Now let’s visit with Mark Mardell. He went to Nashville to see what the kids are up to. His enthusiasm is evident in the headline:

The start of something new?

Out of all the protesters in Nashville, Mardell managed to find a person of color. Unfortunately, he couldn’t even be bothered to find an African American, who are a significant portion of the population there, if only a small minority of protesters. The poor lad had been to New York, and got himself arrested trying to illegally occupy the Brooklyn Bridge. Mardell gives him sympathetic treatment. He spent seven hours in a cell (oh, the humanity), and his law-abiding immigrant parents weren’t pleased that he now has a criminal record. But the BBC’s top man in the US understands.

On the other hand, Hirak believes his arrest was part of something historic, something important.

A movement that isn’t just about Wall Street, but which he hopes will grow in Tennessee, where he goes to university.

“I am a very small part of it, but this is the opportunity finally for the people to speak out and participate in our democracy,” he says. “We’re finally going to get our voice back in our democracy. We are the 99%.”

Now let’s recall Mardell’s first blog post about the Tea Party movement. He asked if it was down to racism. He pretended to be impartially asking the question, throwing it out there for others to ponder. But we know now that he believes it is secretly driven by racism, and that all the noise about fiscal conservatism and government reform is a smokescreen to hide it.

The rest of his piece is sympathetic to the protesters and their cause. No casting aspersions, no suggesting that they’re mere puppets of Washington think tanks (like he said about the Tea Party to the BBC College of Journalism), and most curiously, no fretting about the anger. No, Mardell is hopeful, not concerned. This is the US protest movement he’s been waiting for, and it shows. You won’t see him mocking any of these protesters the way he did last month to his junior colleagues.

Naturally, when he gets to New York, Mardell also has to try to compare the Occupiers with the Tea Party movement. He makes sure to tell you that, unlike these people, those Tea Partiers like big corporations. But he forgot to mention that a major complaint is corporate welfare and bank bailouts. No, the easy route is to claim that the Tea Party is on the side of the evil rich, and the Occupiers are on the side of the poorest and most vulnerable.

Fortunately, Mardell understands that there really isn’t a fair comparison at all.

But other differences suggest it would be wrong to read across from one movement to another.
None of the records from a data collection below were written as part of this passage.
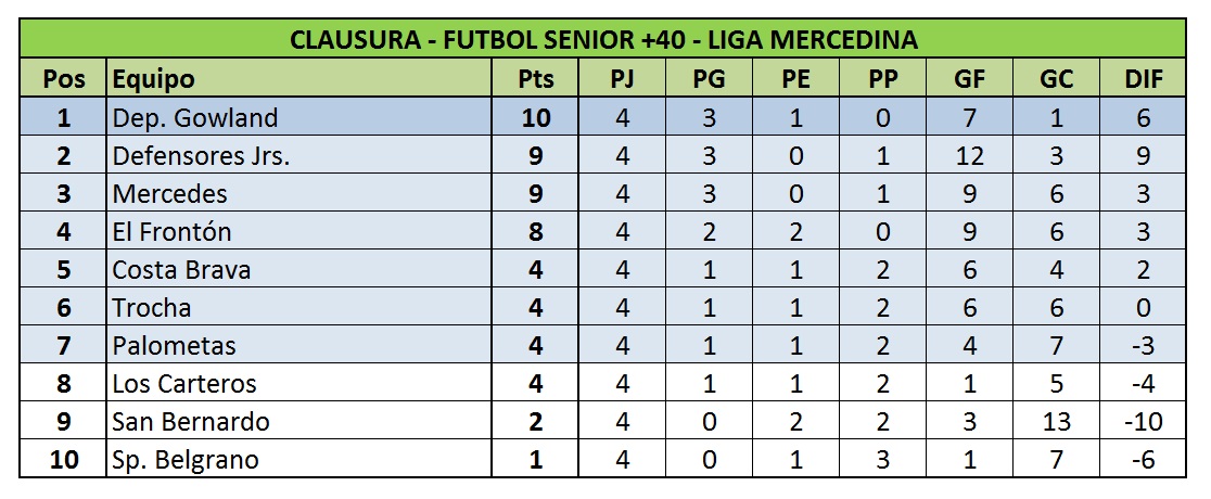 El Deportivo Gowland superó a Costa Brava y se subió a la cima • Mercedes le ganó a Defensores y ahora ambos son escoltas.
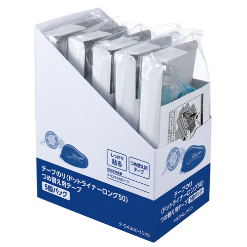 コクヨ テープのり ドットライナーロング50 しっかり貼るタイプ つめ替え用 10mm×50m タ-D4300-10X5 1パック(5個)
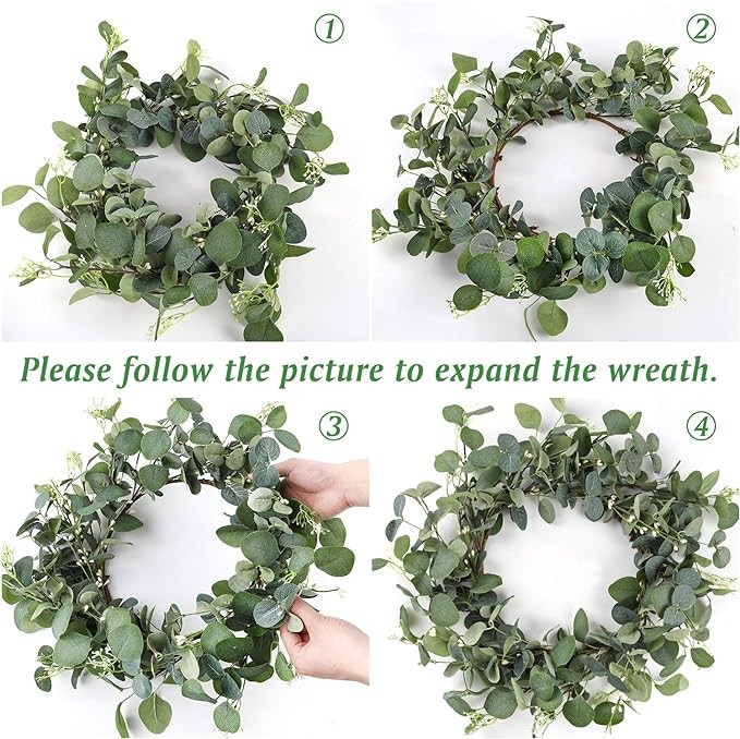 • Size: Fully expanded eucalyptus wreath, the inner diameter is about 25cm/10 inches; outer diameter is about 48cm/19 inches.
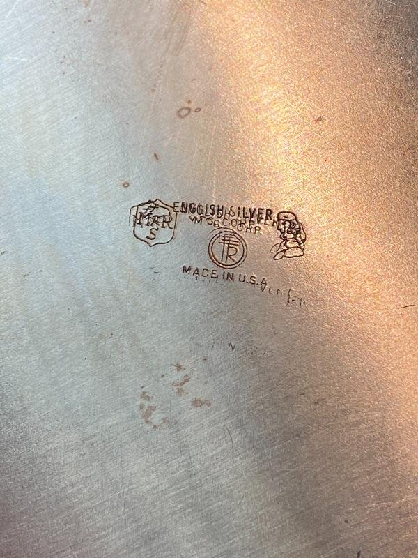 Vintage English Silver lidded casserole dish. Silver plate, has clear glass Pyrex bowl inside. No dings or dents just tarnished. 12" across.
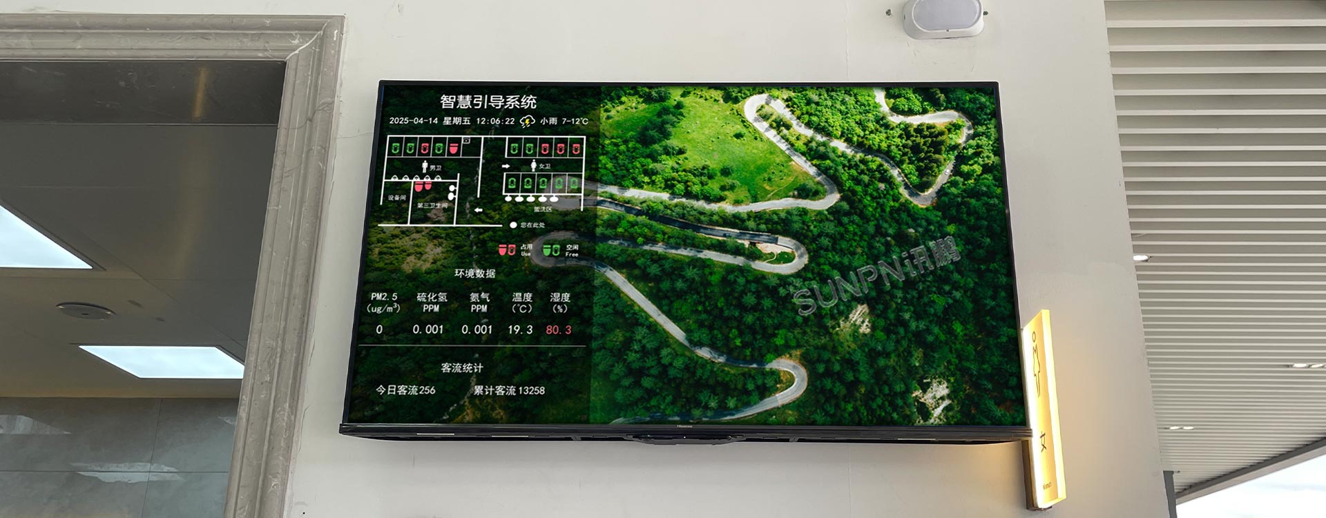 1. 智慧公厕系统引导大屏:公厕入口处安装智慧公厕系统屏,市民在大屏可以看到厕位的布局和剩余厕位数据情况;
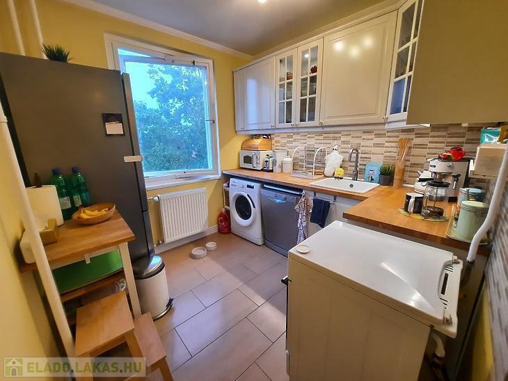 Eladó egy kertvárosra néző loggiás, 65nm-es, jó állapotú, 2+1 szobás panellakás a Páskomliget utcában – tárolóval, gardróbbal, jó elosztással!
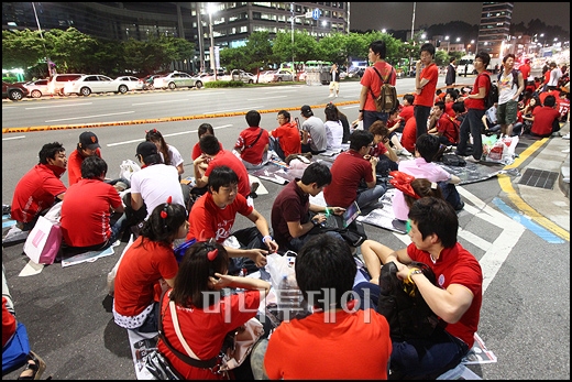 2010 남아공 월드컵 조별 리그 마지막 경기인 나이지리아전을 앞두고 22일 저녁 서울 강남 영동대로로 응원 나온 시민들이 이른 시간부터 거리에 자리를 잡고 있다.
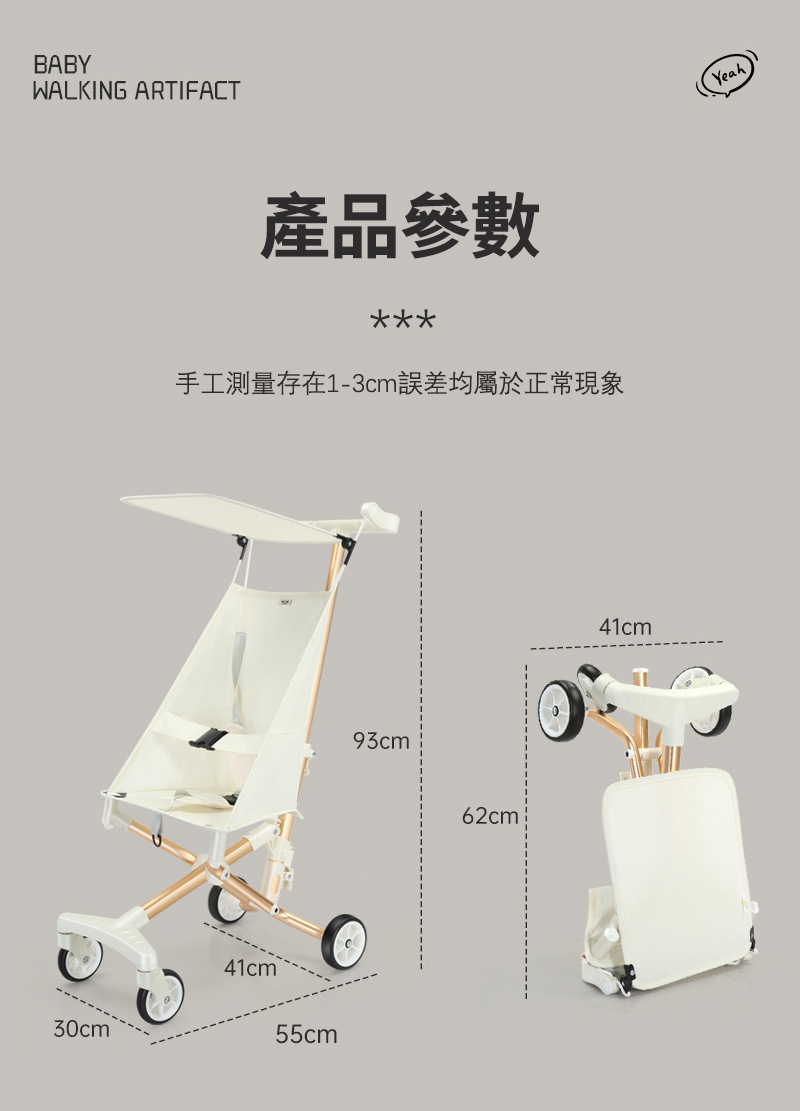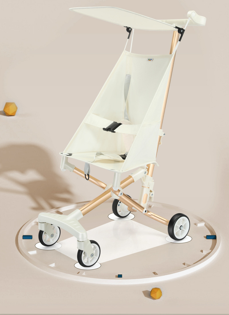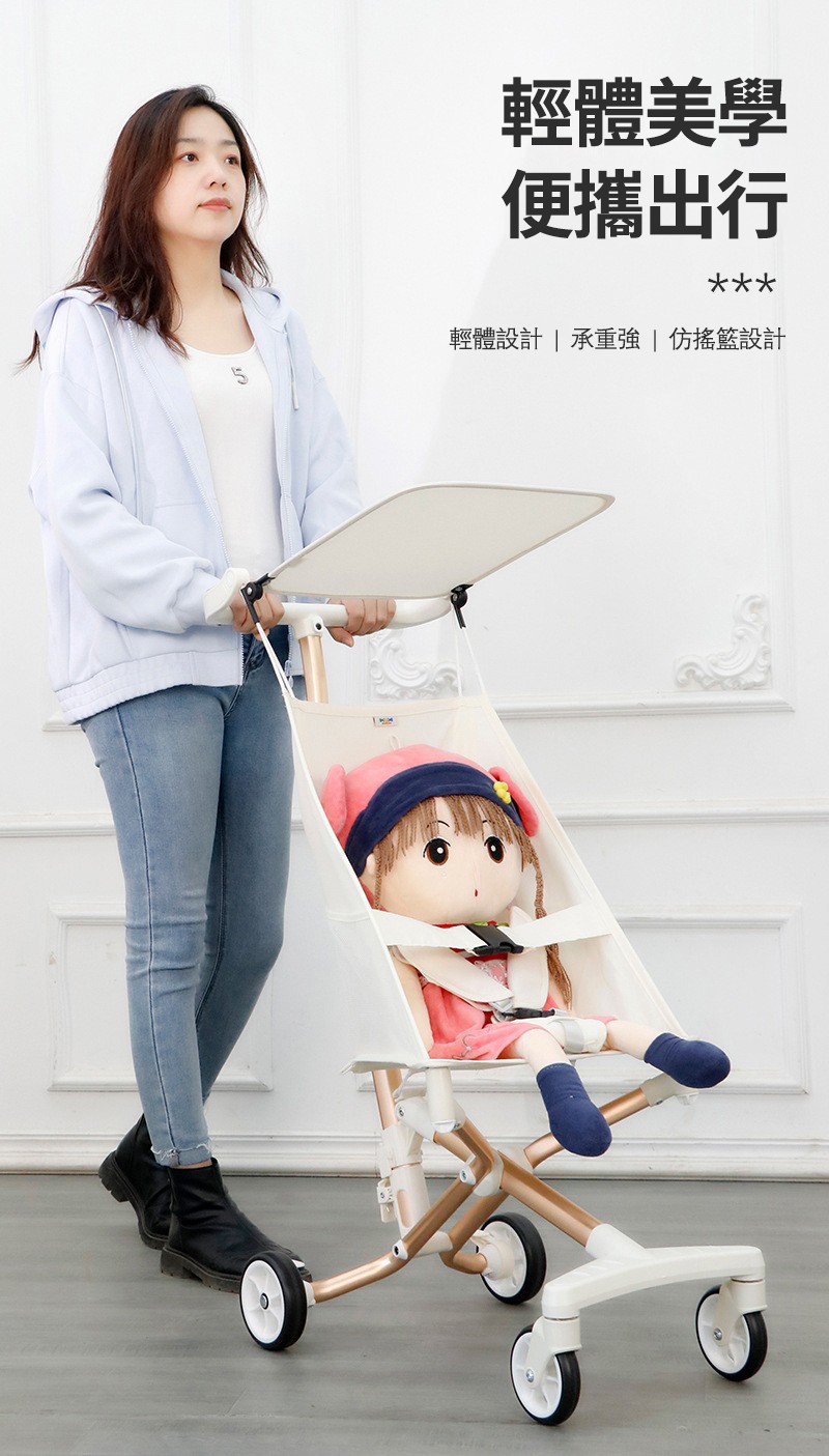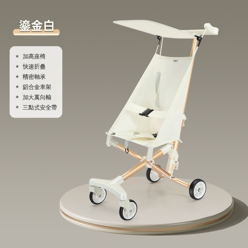 4分鐘前【能上飛機的嬰兒推車】新款鋁合金嬰兒推車 輕便可折疊 出行易攜帶 - 鎏金白輕便折疊嬰兒推車

These are early days, but Occupy doesn’t seem to have drawn people into politics for the first time in the way that the Tea Party has.

Most of those I have spoken to here and in Nashville were already interested in radical politics.

I have yet to meet any one who turned up because their own economic situation made them want to change the world.

Which is what we’ve been saying here all along. These people had this ideology long before the economic crisis, long before the bank bailouts. Unlike the Tea Party movement, this was planned in advance. Unlike the Tea Party movement, which was spontaneously started by a St. Louis housewife as an anti-tax gathering, and eventually inspired millions of people to form peaceful, law-abiding protests. Funny how all the Beeboids leave this fact out. However, notice that Mardell doesn’t wonder about organization or influence from above. He also never enthused over how someone he met at a Tea Party event felt they were part of something historic. To him, it was all hatred and racism.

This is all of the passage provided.